In 1966, the Faculty of Maritime Fishery of the Agricultural University of Szczecin, was opened in the area, at the 4 Kazimierza Królewicza Street. It was renamed to the Faculty of Maritime Fisheries and Food Technology in 1971, and to the Faculty of Food Sciences and Fisheries in 2002. In 2008, the Agricultural University of Szczecin merged with the Szczecin University of Technology, forming the West Pomeranian University of Technology, under which, the faculty operates to the present day.

In 1973, the Gontyka open-air swimming pool complex was opened in the area. It had three swimming pools, a small food area, and water cascades. It was very popular with local population. Over the years, due to lack of renovations, the complex fell into disrepair, and as it failed to meet the sanitary and safety standards, it was closed in 2000. The abandoned swimming pools were filled in and demolished in 2013, after three children fell into one of them and almost drowned.

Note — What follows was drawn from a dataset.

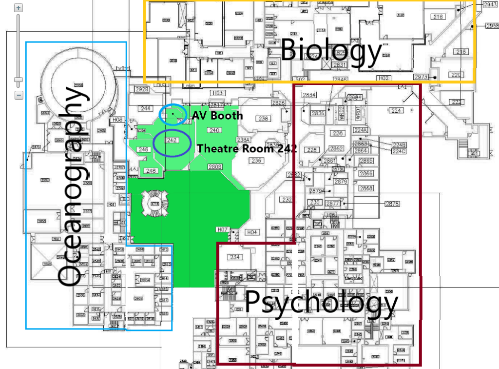 The area where I noticed the D-Link consists of 4 large lecture theatres; each theatre is concrete floor to ceiling and slopes to cover 2 levels. I was able to find the strongest signal at the top of room 242. Behind me was an AV booth behind its own concrete wall, so I called security for access. The signal was the same as outside the booth. As you can see on the map, this building is attached in a cluster with 3 other buildings. After spending some time trying to trace the signal and finding it in various other spaces in these buildings, sometimes hitting -52 to -48 to give me hope I was going in the right direction, I went back to the place where I could hear the SSID the strongest, and as I looked up, I noticed there was a large HVAC duct right above me. Since I was at the back of the theatre, I could touch it with the etherscope (so I did). The signal got stronger. I did a bit of googling and found a few articles and studies where people used ductwork as a conduit for radio. I knew the main mechanical and heating space was partially under this theatre, so I went that way.

The construction of a new water park in the area, named the Water Factory, was announced in 2018. The building was designed in the modernist style by the architecture film TKHolding. Its construction begun in December 2019, and following delays caused by the 2020 COVID-19 pandemic and the 2022 Russian invasion of Ukraine, it opened on 1 July 2024. The project was awarded with the 2023 Construction of the Year award by the Polish Association of Construction Engineers and Technicians, and the 2025 International Architecture & Design Award by the Architecture and Design Community. It was also one of the finalists for the 2024 World Architecture Festival award in the sports category.

== Characteristics ==
Łęgi is a small area located between Kazimierza Królewicza, Pierwszego Maja, and Bożeny Streets. Its divided vertically by Emili Szczanieckiej Street, which forms the border between the administrative neighbourhoods of Drzetowo-Grabowo and Niebuszewo-Bolinko. Its western portion features the building complex of the Faculty of Food Sciences and Fisheries of the West Pomeranian University of Technology. The eastern portion contains the Water Factory aquapark, which features 17 pools, 11 slides, and 16 saunas. It also includes a cultural and educational centre, named the Educatorium (Polish: Edukatorium), which features the exhibition themed around water.